Revista chilena de nutrición
versión On-line ISSN 0717-7518
The disorders of fructose metabolism are produced by the following 3 enzyme defects. 1.- Fructokinase deficiency does not produce any symptom and treatment is not indicated. 2.- The deficiency of aldolase B produces hereditary fructose intolerance. This defect inhibits the transformation of fructose-1-phosphate in fructose 1,6 diphosphate.
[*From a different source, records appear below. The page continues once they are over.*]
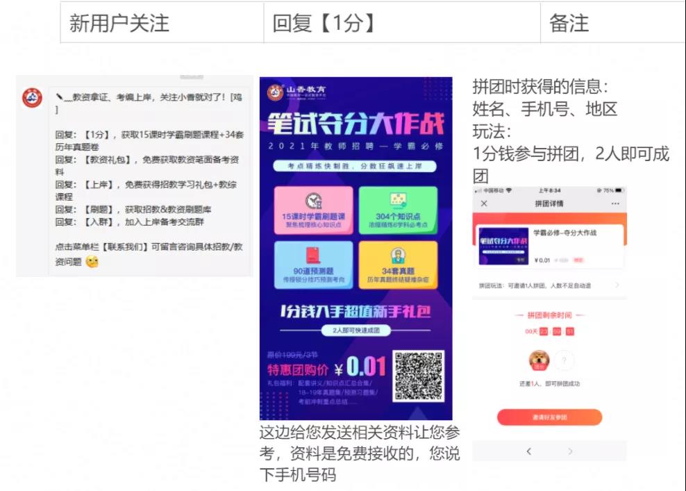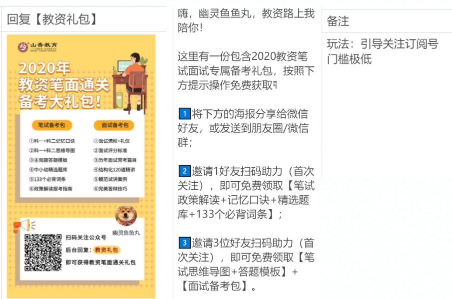 重点是说明如何完成任务拿到更多资料。由此也可以推出本场活动的目的就是抓住教师招聘冲刺黄金期,进行获客并完成转化。
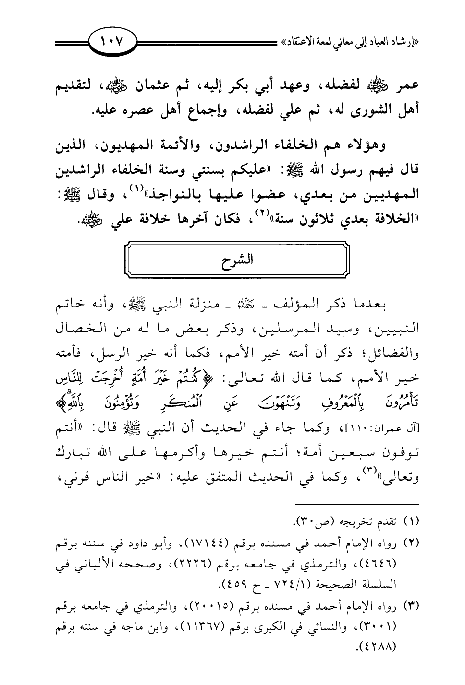 بعدما ذكر المؤلف -رحمه الله- منزلة النبي - صلى الله عليه وسلم -، وأنه خاتم النبيين، وسيد المرسلين، وذكر بعض ما له من الخصال والفضائل؛ ذكر أن أمته خير الأمم، فكما أنه خير الرسل، فأمته خير الأمم، كما قال الله تعالى: {كُنْتُمْ خَيْرَ أُمَّةٍ أُخْرِجَتْ لِلنَّاسِ تَامُرُونَ بِالْمَعْرُوفِ وَتَنْهَوْنَ عَنِ الْمُنْكَرِ وَتُؤْمِنُونَ بِاللَّهِ} [آل عمران:110]، وكما جاء في الحديث أن النبي - صلى الله عليه وسلم - قال: ((أنتم توفون سبعين أمة؛ أنتم خيرها وأكرمها على الله تبارك وتعالى)) (¬3)، وكما في الحديث المتفق عليه: ((خير الناس قرني،
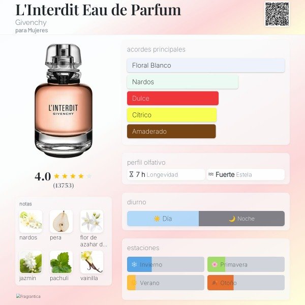 L'INTERDIT Un homenaje a la feminidad audaz. Una invitación a desafiar las convenciones y abrazarsu singularidad. Un acorde floral blanco con notas oscuras, desatandouna luminosidad audaz y elegante que coquetea con la oscuridad. Unanueva unión para sentir la atracción de lo prohibido. Notas: Unaflor blanca exaltada con un acorde oscuro. La primera flor subterránea.Las notas blancas - azahar, jazmín y nardo - se entrelazan con notas másoscuras y misteriosas de vetiver y pachulí.
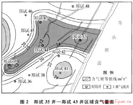 鄭試35井鄭試43井所在區(qū)域(圖2)靠近寺頭斷層,區(qū)域內(nèi)NNE向小斷層發(fā)育,而鄭試35井和鄭試43井均處于斷層附近,距離斷層小于100m3。斷層切割煤層會破壞頂?shù)装宓姆獯嫘阅埽铀倜簩託獾慕馕?、逸散,且部分斷層可能溝通煤儲層附近含水層,?dǎo)致煤層氣的溶解流失。因此,鄭試35井-鄭試43井區(qū)內(nèi)含氣量普遍較低,鄭試35井、鄭試43井的含氣量僅為3.24m3/t和8.06m3/t。
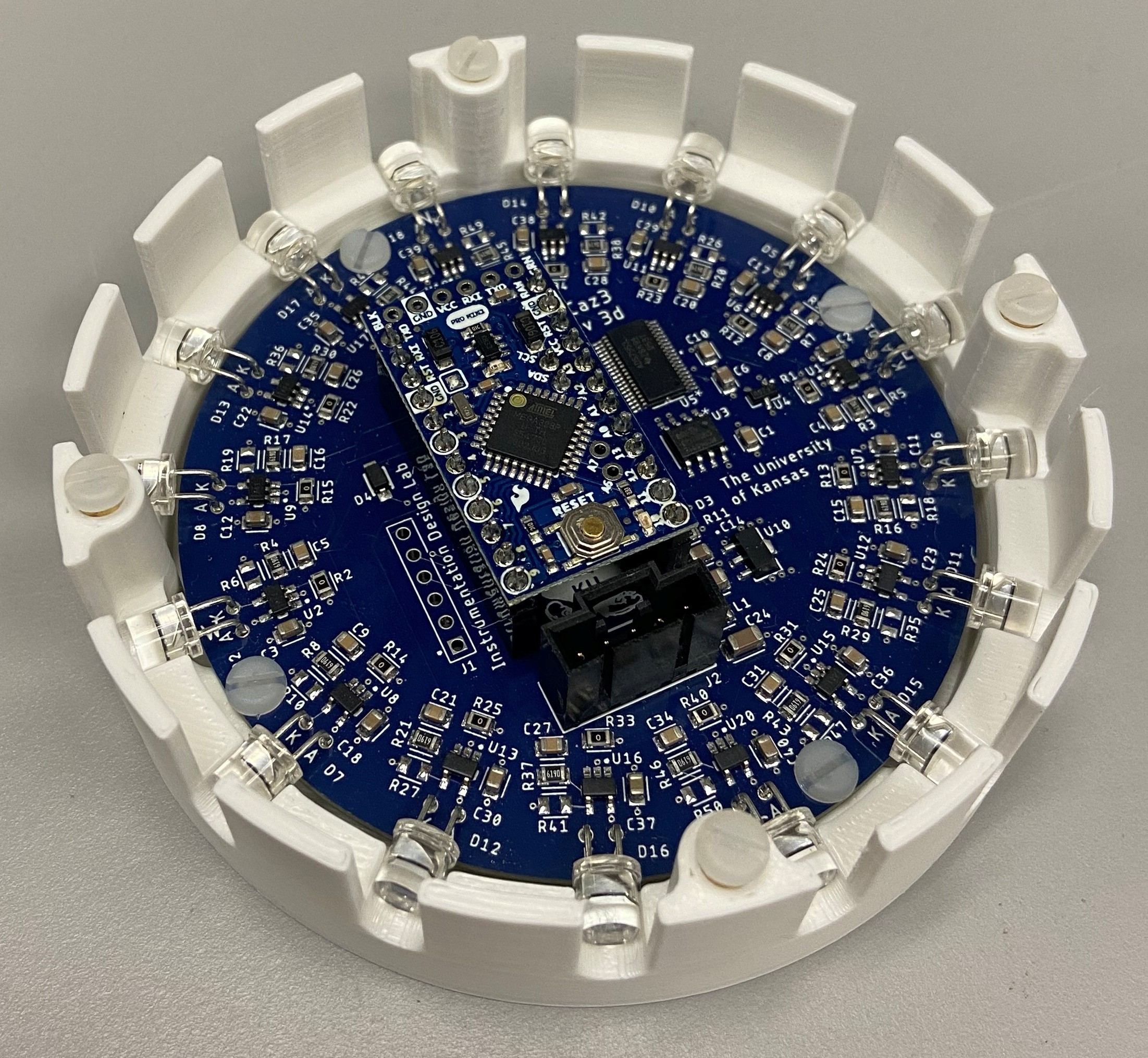Hicaz uses 16 light sensors each separated by 22.5 degrees in a circular pattern to determine Hical3's orientation with respect to the sun. The light sensors are exposed to the sun via small apertures inside a white cylindrical case. Calibrated by an in lab light source, Hicaz's angular calculation has been shown to accurately predict its orientation with respect to the sun within 2.5 degrees at ground level in Lawrence.
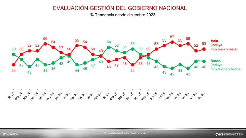 El último Monitor de Humor Social y Político de D’Alessio IROL / Berensztein trazó una radiografía precisa del clima social con el que la Argentina despidió el 2025. La encuesta confirma un escenario de polarización  política, preocupaciones persistentes por la economía y la inseguridad, y un Gobierno que logra sostener su núcleo de apoyo, pero sin ampliar consensos.
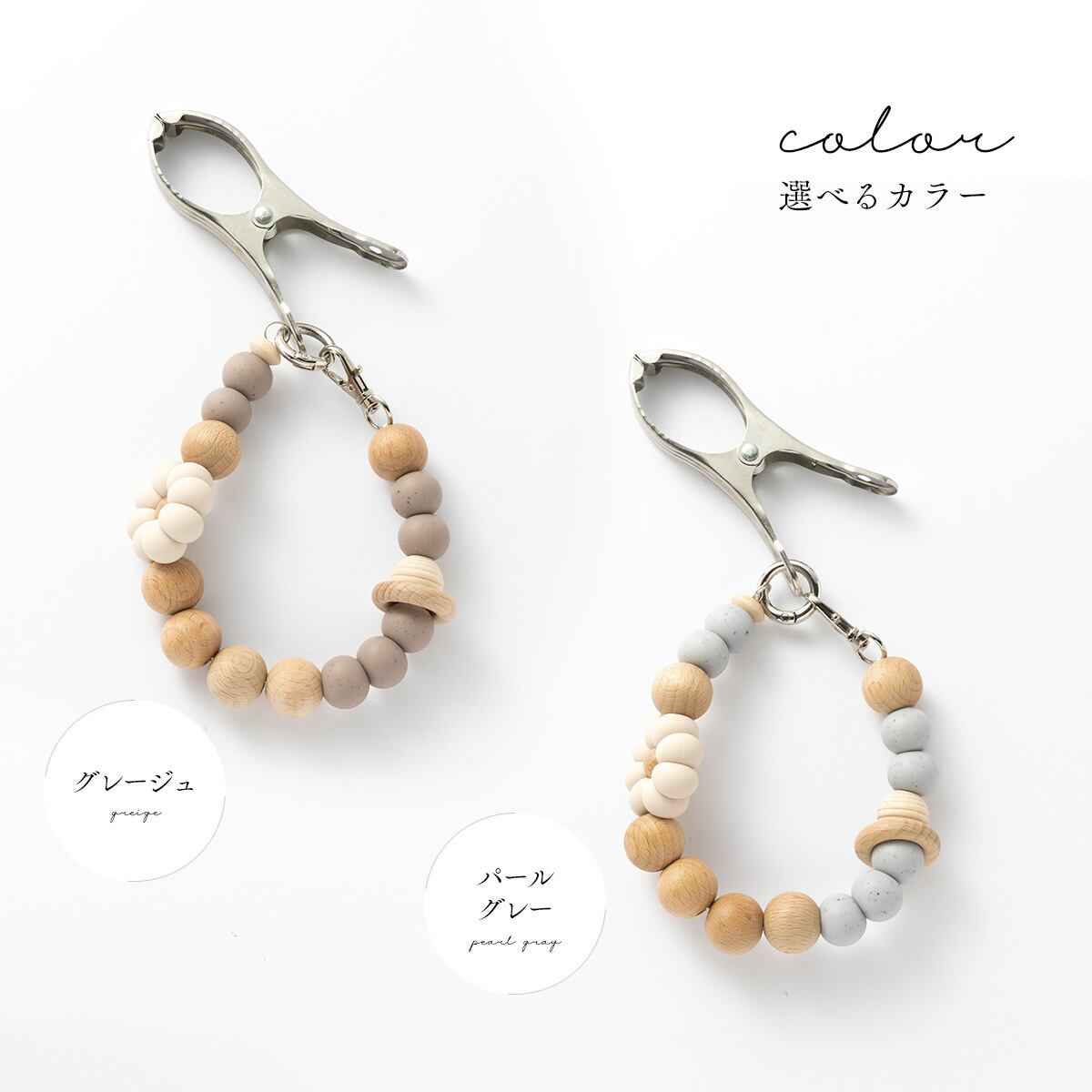 シリコンビーズはBPAフリー・FDA認可の食品基準クリアのものを使用しています。
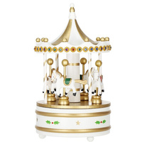 Drewniana karuzela, pozytywka ozdoba świąteczna biało-złota
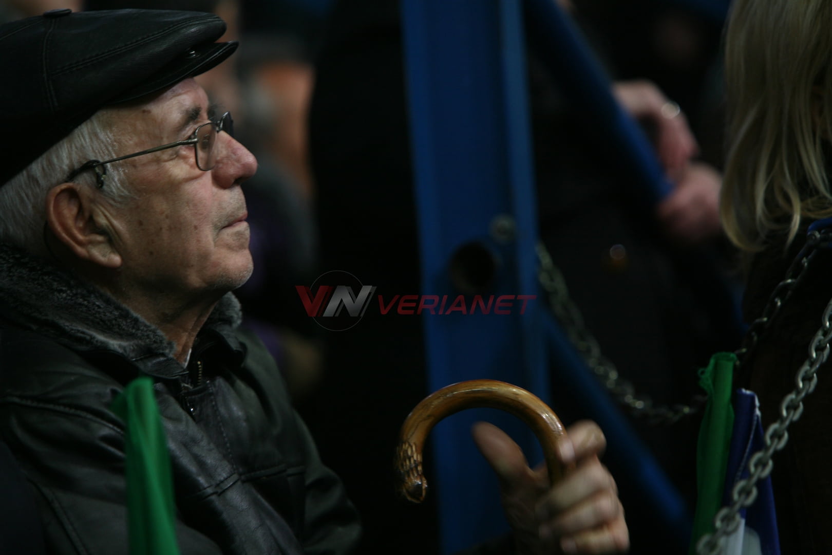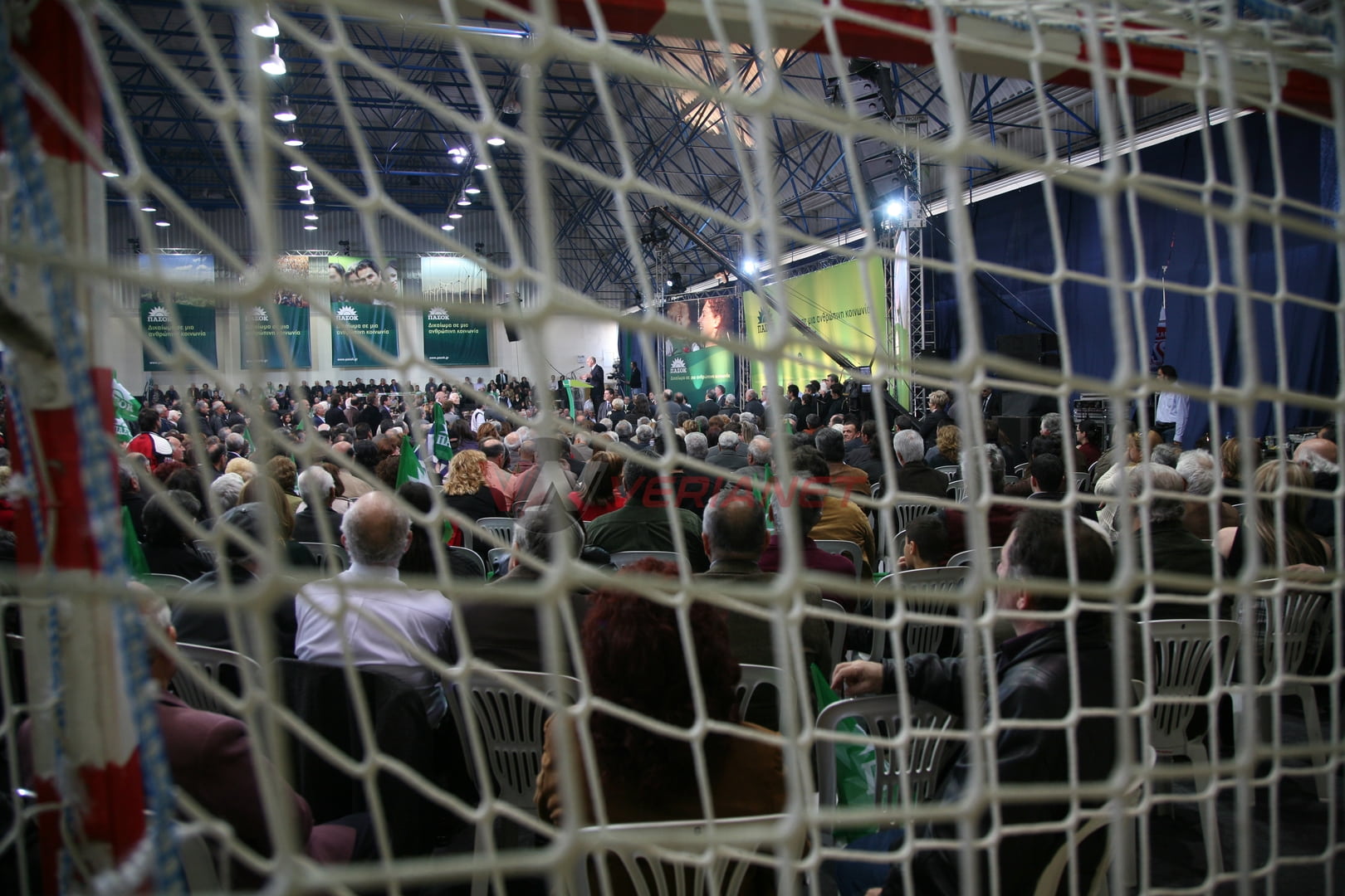 Στο κατάμεστο «Φιλίππειο» δημιουργείται το αδιαχώρητο. Πολύς κόσμος μένει εκτός αίθουσας και παρακολουθεί την ομιλία από τα μεγάφωνα που έχουν τοποθετηθεί έξω.

Symptoms appear when sugar is introduced in the diet, presenting nausea, vomits, pallor, sweating, trembling, lethargy, convulsions, hypoglycemia, hepatic failure, jaundice, edema and ascites. Treatment consists in eliminating fructose, sucrose, sorbitol in the diet. In the majority of cases the early treatment has an excellent result, vomiting disappears and renal function normalizes. 3.- The deficiency of fructose 1-6-biphosphatase impairs the formation of glucose from all neoglucogenic precursors including lactate, glycerol, alanine and dietary fructose. Frequently severe lactic acidosis, hypoglycemia, dyspnea, tachycardia, apneic spells, irritability, lethargy, coma, convulsions are observed. The treatment consists in preventing hypoglycemia and neoglucogenesis, avoiding prolonged fasting with frequent feeding.
Palabras llave : fructosemia; hypoglycemia; fructose.